What to do:
All of the data is to be printed exactly, though the images must be left off.

Data segment:
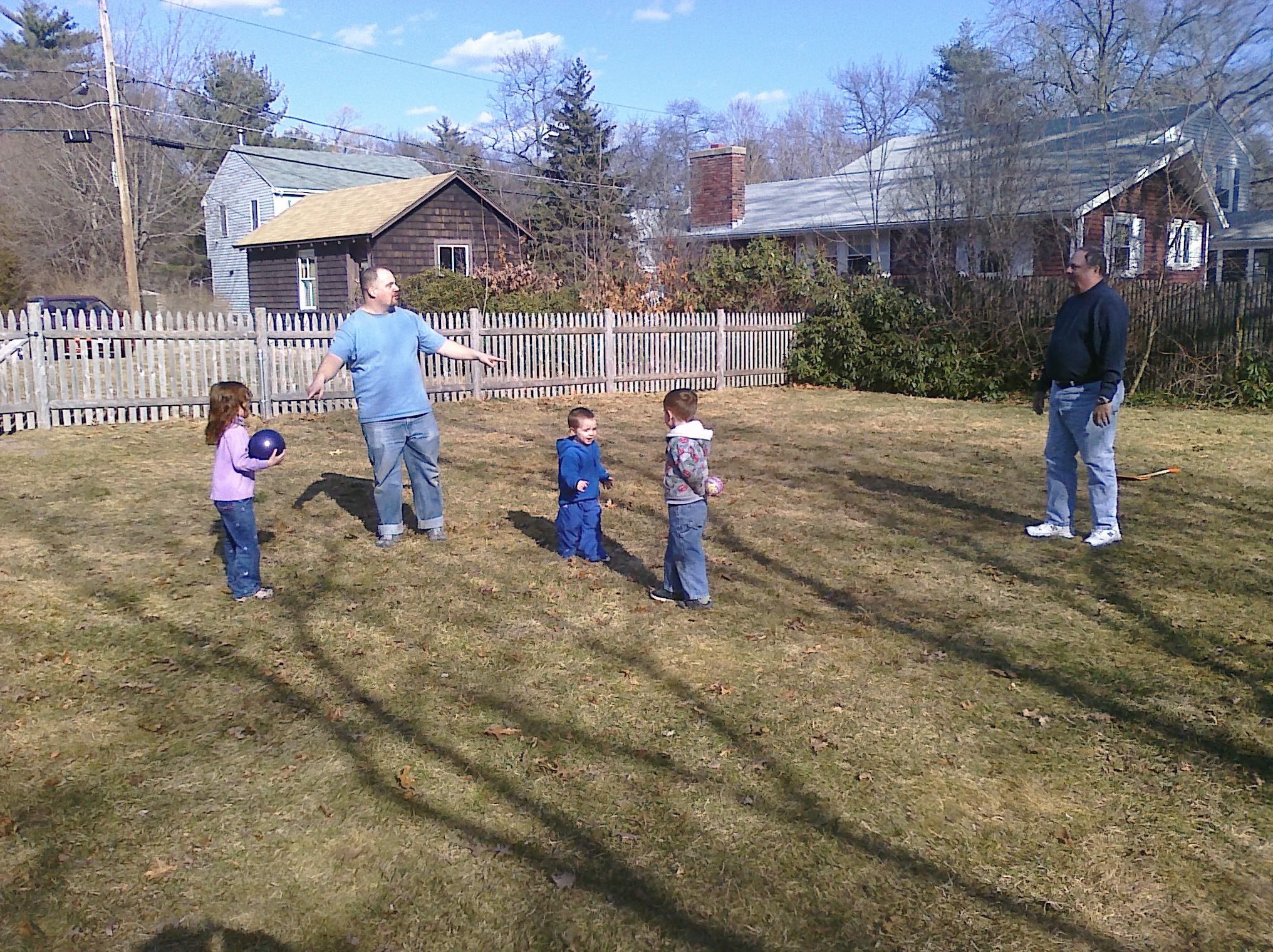 Mike and the kids are playing a rousing game of Freeze Ball (a cross between freeze tag and dodge ball)…in their jammies! (Well, Mike’s not in his…)
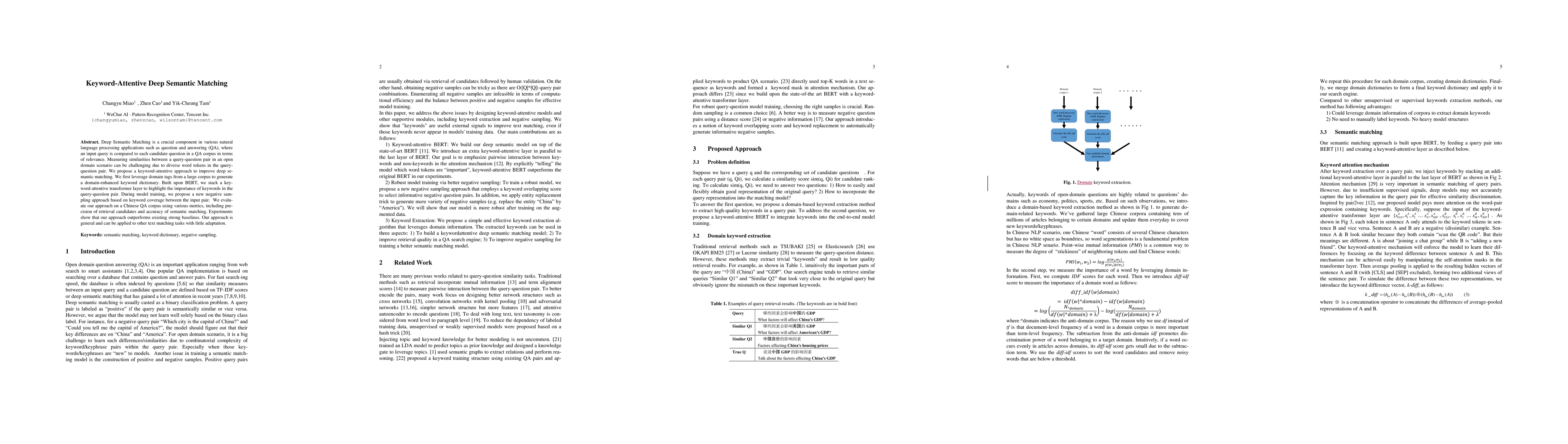 This paper proposes a keyword-attentive deep semantic matching approach to enhance relevance measurement in question-answering systems. It utilizes a domain-enhanced keyword dictionary and a transformer layer to emphasize keyword importance, achieving superior performance over baselines in Chinese QA tasks.
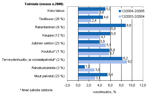 Lähde: Liiketoiminnan kuukausikuvaajat 2005, helmikuu. Tilastokeskus

Response:
 Mike and the kids are playing a rousing game of Freeze Ball (a cross between freeze tag and dodge ball)…in their jammies! (Well, Mike’s not in his…)
 This paper proposes a keyword-attentive deep semantic matching approach to enhance relevance measurement in question-answering systems. It utilizes a domain-enhanced keyword dictionary and a transformer layer to emphasize keyword importance, achieving superior performance over baselines in Chinese QA tasks.
 Lähde: Liiketoiminnan kuukausikuvaajat 2005, helmikuu. Tilastokeskus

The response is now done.